Shaelz · Shaelz · May 24, 2026 · May 24, 2026
diff --git a/CHANGELOG.md b/CHANGELOG.md
@@ -2,11 +2,13 @@
 
 ## Unreleased
 
-Post-v1 maintenance hardening only. No installer behavior change. No intended change to the canonical reusable orientation behavior beyond maintenance markers.
+Post-v1 maintenance hardening only. No installer behavior change.
 
 - Add a deterministic shared-rule drift guard for canonical `skills/codebase-orient/SKILL.md` vs the bootstrap embedded shared-rule snapshot in `skills/install-codebase-orient/SKILL.md`, including explicit shared-block markers, a validation script, and a GitHub Actions check that now guards those shared blocks against future accidental drift.
 - Align the bootstrap embedded shared-rule snapshot to canonical wording so future bootstrap-generated project-local skills receive the synchronized shared-rule content.
 - Freeze the former `docs/V1_RELEASE_PLAN.md` contents as `docs/releases/v1.0-validation-record.md` and keep `docs/V1_RELEASE_PLAN.md` as a short compatibility pointer now that `v1.0.0` has shipped.
+- Add an initial local/manual Codex behavioral eval scaffold: an inspectable prompt corpus plus a PowerShell wrapper over a Node runner that uses isolated disposable fixtures, stores traces outside the repo by default, and currently emits evidence summaries for one validated single-case vertical slice with proxy-only invocation evidence from local `codex exec --json` traces.

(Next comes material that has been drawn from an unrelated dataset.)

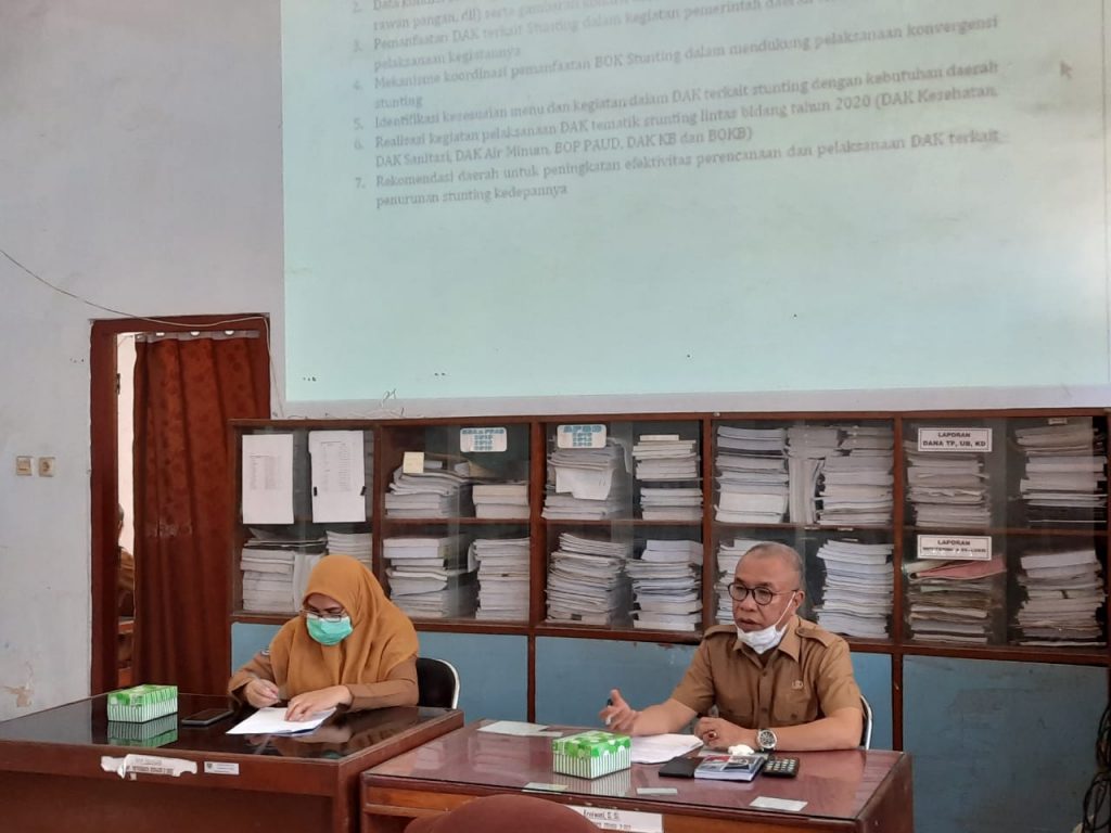 Pada rapat yang juga dihadiri Sekretaris Bappeda H. Fahrudin S.Sos, M.AP tersebut, Kepala Bappeda mengungkapkan, “DAK stunting menyebar ke sejumlah perangkat daerah terkait, maka perlu dilakukan identifikasi baik DAK fisik maupun DAK Non-Fisik untuk mengoptimalkan pengelolaan dan pencapaian target penurunan stunting di tingkat daerah. Oleh karena itu perlu dilakukan koordinasi lintas sektoral untuk memastikan tata kelola berlangsung sesuai dengan target yang sudah ditetapkan”. Jelasnya.

+- Clarify that the reusable canonical skill currently has an explicit tuned framework-probe section for SvelteKit, while other frameworks still rely on the generic discovery order unless later live-fire or eval evidence justifies dedicated tuned probes.
 
 ## 1.0.0 - 2026-05-24
 

diff --git a/README.md b/README.md
@@ -201,6 +201,34 @@ It tells the agent to:
 - report hidden risks such as stale docs, source-of-truth drift, generated-vs-source mismatches, and lifecycle traps.
 
 It is meant for broad or unfamiliar work. It is explicitly meant to be skipped for tiny, known, single-file edits.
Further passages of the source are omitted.